Fictive motion is the metaphorical motion of an object or abstraction through space. Fictive motion has become a subject of study in psycholinguistics and cognitive linguistics. In fictive motion sentences, a motion verb applies to a subject that is not literally capable of movement in the physical world, as in the sentence, "The fence runs along the perimeter of the house." Fictive motion is so called because it is attributed to material states, objects, or abstract concepts, that cannot (sensibly) be said to move themselves through physical space. Fictive motion sentences are pervasive in English and other languages.

== History ==
Cognitive linguist Leonard Talmy discussed many of the spatial and linguistic properties of fictive motion in a book chapter called "Fictive motion in language and 'ception (Talmy 1996). He provided further insights in his seminal book, Toward a Cognitive Semantics Vol. 1, in 2000. Talmy began analyzing the semantics of fictive motion in the late 1970s and early 1980s but used the term "virtual motion" at that time (e.g. Talmy 1983).

Fictive motion has since been investigated by cognitive scientists interested in whether and how it evokes dynamic imagery. Methods of investigation have included reading tasks, eye-tracking tasks and drawing tasks.

== Influence on perception of time ==
A recent avenue of research has focused on fictive motion's influence on perceptions of time. People often speak about time in terms of motion. English speakers may describe themselves as moving through time toward or past events with statements such as "we're entering the holidays" or "we slipped past the due date." They may also talk about events as moving toward or past themselves with statements such as "tough times are approaching us" or "summer vacation has passed". Broadly speaking, metaphorical talk about time borrows from two different perspectives for conceptualizing motion. In the ego-moving metaphor, one progresses along a timeline toward the future, while in the time-moving metaphor, a timeline is conceived as a conveyor belt upon which events move from the future to the past like packages. (e.g. Lakoff 1987).
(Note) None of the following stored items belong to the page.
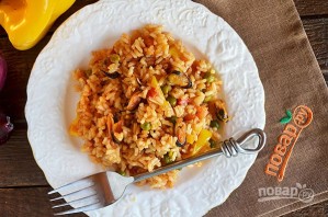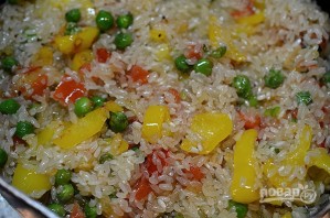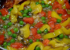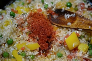 Добавьте рис (рис лучше не промывать, получится вкуснее). Обжаривайте всё около 5 минут.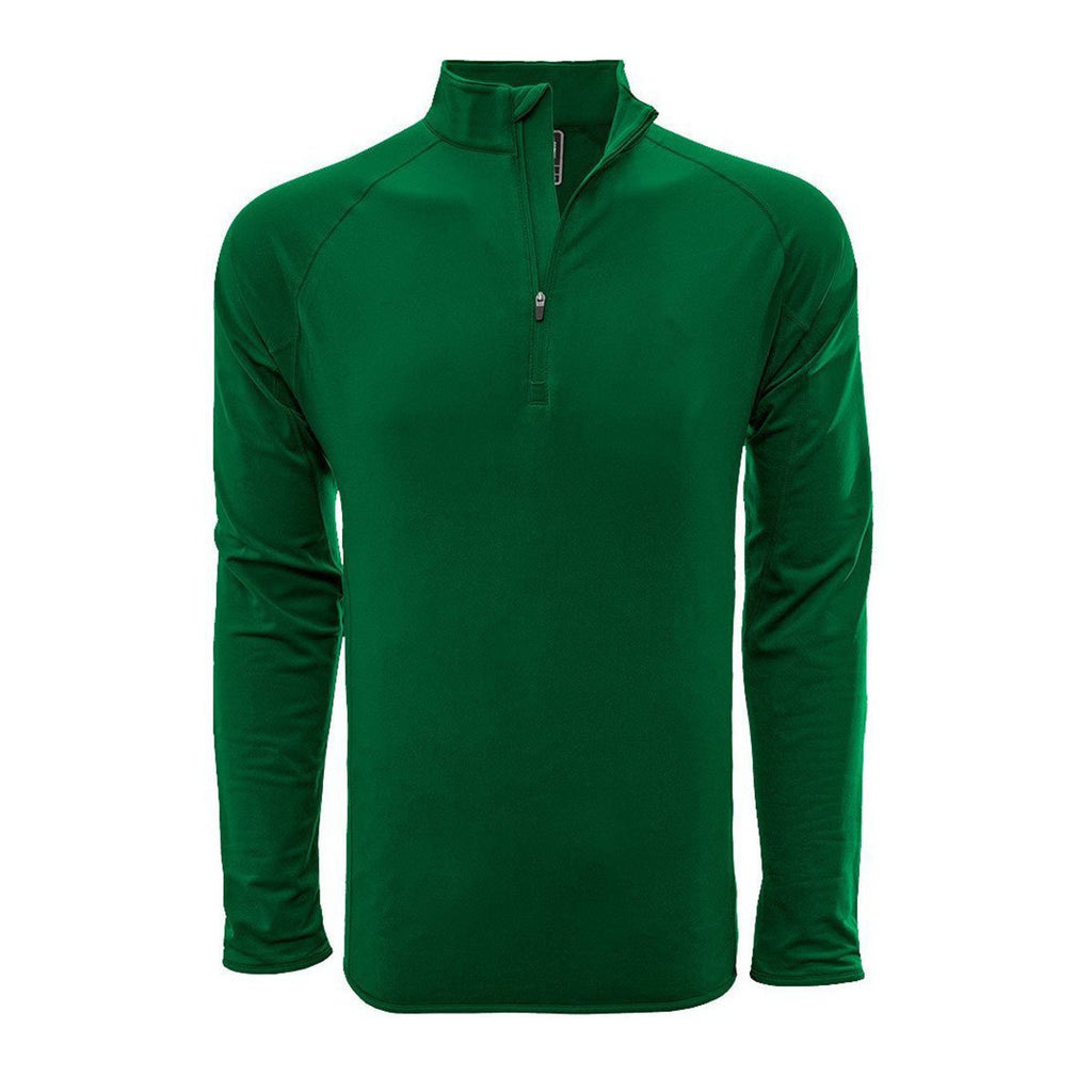 Blended polyester and spandex make the embroidered Levelwear Men's Rider Green Metro Quarter Zip ideal for active professionals. The versatile quarter zip includes stretch knit fabric that increases your movement flexibility on a rugged backcountry trail. Raglan sleeves and under arm paneling create a sleek appearance that changes the outdoor active wear game. The brushed back fabric presents a visually appealing appearance that gets you noticed at outdoor corporate events. Leverage the notice paid to the fashionable quarter zip by adding your company logo on the large imprint area. With a custom logo, you expand your brand s presence in the community.Highlights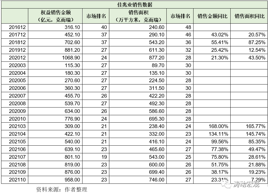 例如,2020年全年,佳兆業(yè)集團(tuán)的權(quán)益銷售金額和銷售面積分別為1068.90億元和877.20萬平方米,分別位列市場第24位和第28位。再比如,今年1-10月,佳兆業(yè)集團(tuán)的權(quán)益銷售金額和銷售面積分別為958億元和746萬平方米,位居全國地產(chǎn)企業(yè)第23位和第27位,同比分別增長23.31%和7.29%。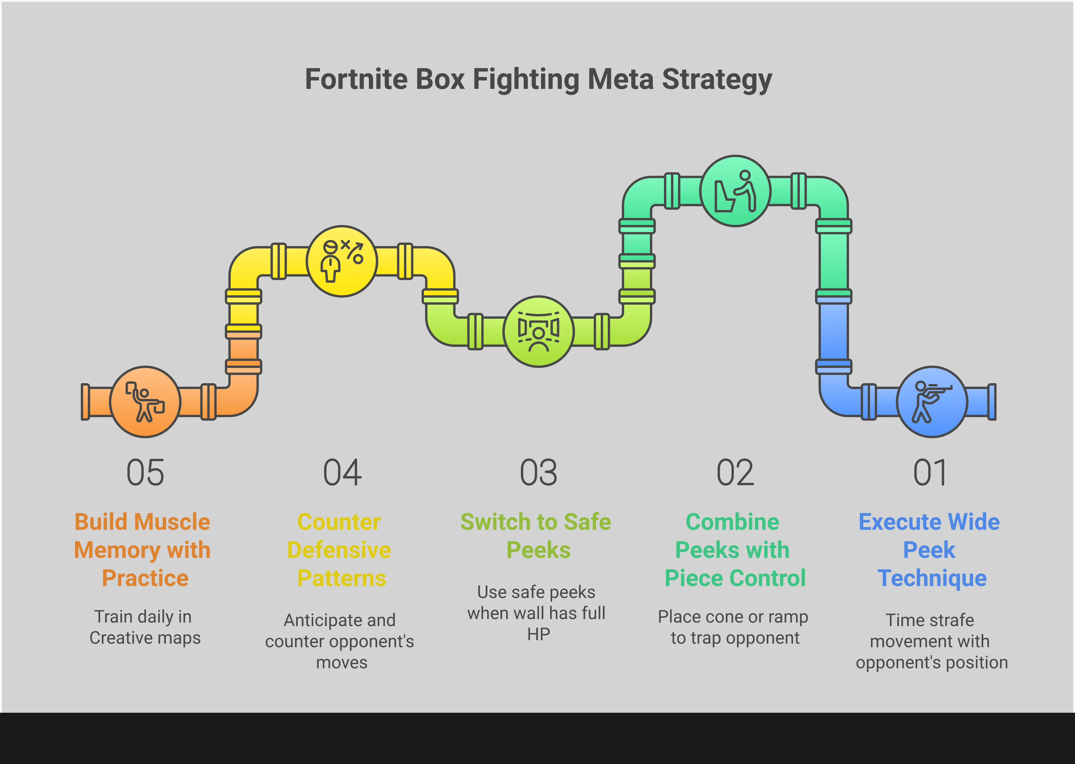 When battling in a box fight, dominating the building materials is key to winning. Quickly peeking around corners is much more effective than slowly revealing yourself, because it doesn’t give your opponent time to react, reinforce their structures, or prepare an attack. A fast, wide peek prevents them from building defenses or blocking your shots, limiting their options. If they try to quickly build upwards to protect a structure, a wide peek lets you destroy it before they can finish, keeping them on the defensive and allowing you to control the fight.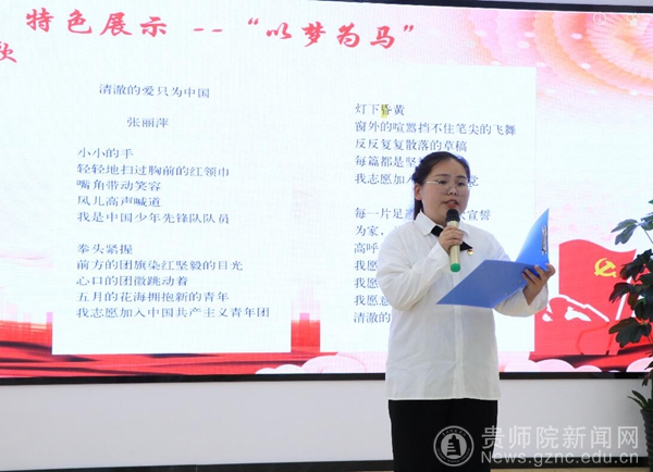 为进一步理解本次团日活动的主旨,同学们带来了以“清澈的爱,只为中国”为主题的节目。别开生面的情景剧《与光同行》、饱含深情的英雄故事分享,精心准备的手抄报展示、气势磅礴的朗诵、独具汉语言文学专业特色的原创诗歌分享……虽形式不同、内容各异,但每个节目都体现出青年的拳拳爱国之心。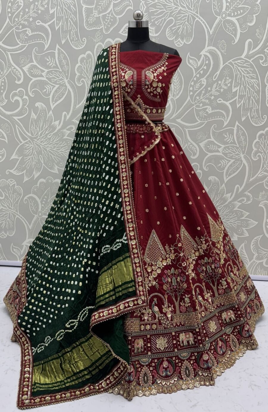 Timeless Red Slub Silk Traditional Lehenga Choli – 60556-2906-C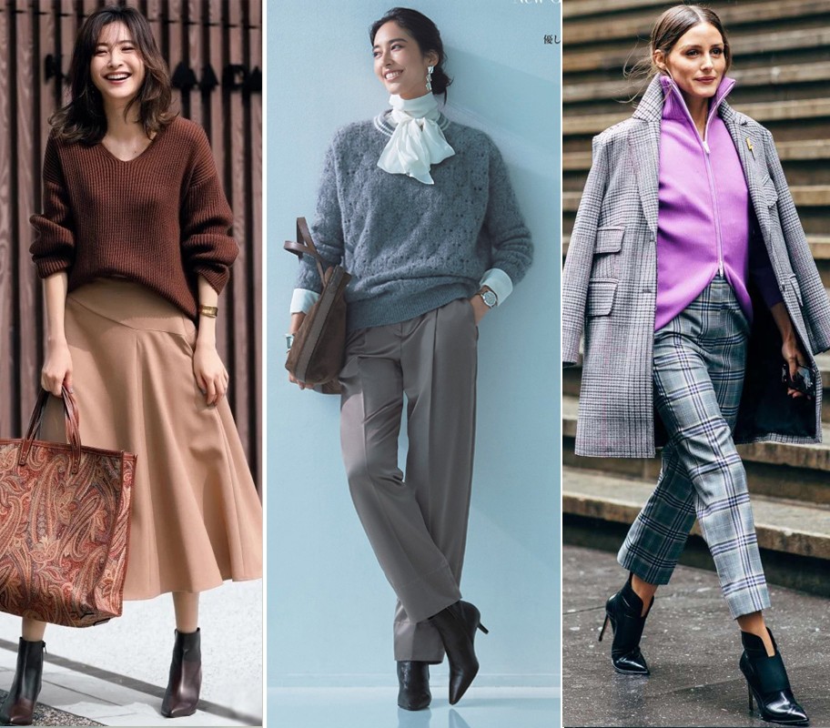 如果不喜欢比较有笨重感的靴子,建议尝试一下尖头高跟短靴,粗跟或者鞋跟的都更有各的好看,粗跟比较容易驾驭,也比较好走路,细高跟的款式看起来更秀气、更轻盈和更有女人味。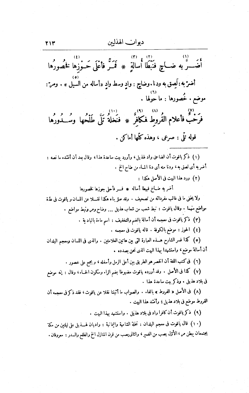 (¬1) ذكر ياقوت أن الضاحي واد لهذيل، وأورد بيت ساعدة هذا، وقال بعد أن أنشده ما نصه: أضر به أي لصق به، ودنا منه أي دنا الماء من ضاح الخ.
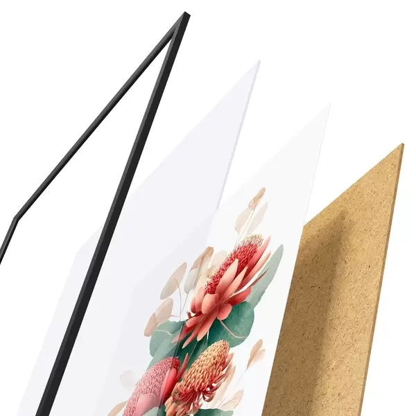 Plakāts sastāv no rāmja, pleksstikla, iespiestā attēla un skaidu plātnes pamatnes. Plakātu var uzreiz piekarināt pie sienas, pateicoties aizmugurē esošajiem stiprinājumiem.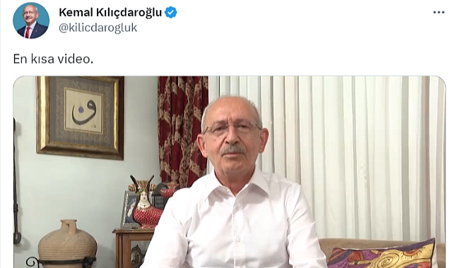 Millet İttifakı Cumhurbaşkanı Adayı Kemal Kılıçdaroğlu, Twitter hesabında “En kısa video” notuyla yaptığı dört saniye süreli paylaşımda; “Bugün, dünden daha fakirsen tek sebebi Erdoğan” dedi.CHP Genel Başkanı, Millet İttifakı Cumhurbaşkanı Adayı Kemal Kılıçdaroğlu, Twitter hesabında, “En kısa video” notuyla bir paylaşım yaptı. Kılıçdaroğlu, videoda; “Bugün, dünden daha fakirsen tek sebebi Erdoğan. İyi akşamlar” dedi.

It appears that not only does thinking about actual motion influence people's judgments about time, but thinking about fictive motion has the same effect, suggesting that thinking about one abstract domain may influence people's understanding of another. This raises the question of whether the influence of fictive motion on people's understanding of time is rooted in a concrete, embodied conception of motion, such that both time and fictive motion are ultimately understood in terms of simulations of concrete experience, or whether the effects of fictive motion are a product of the way that language influences thought.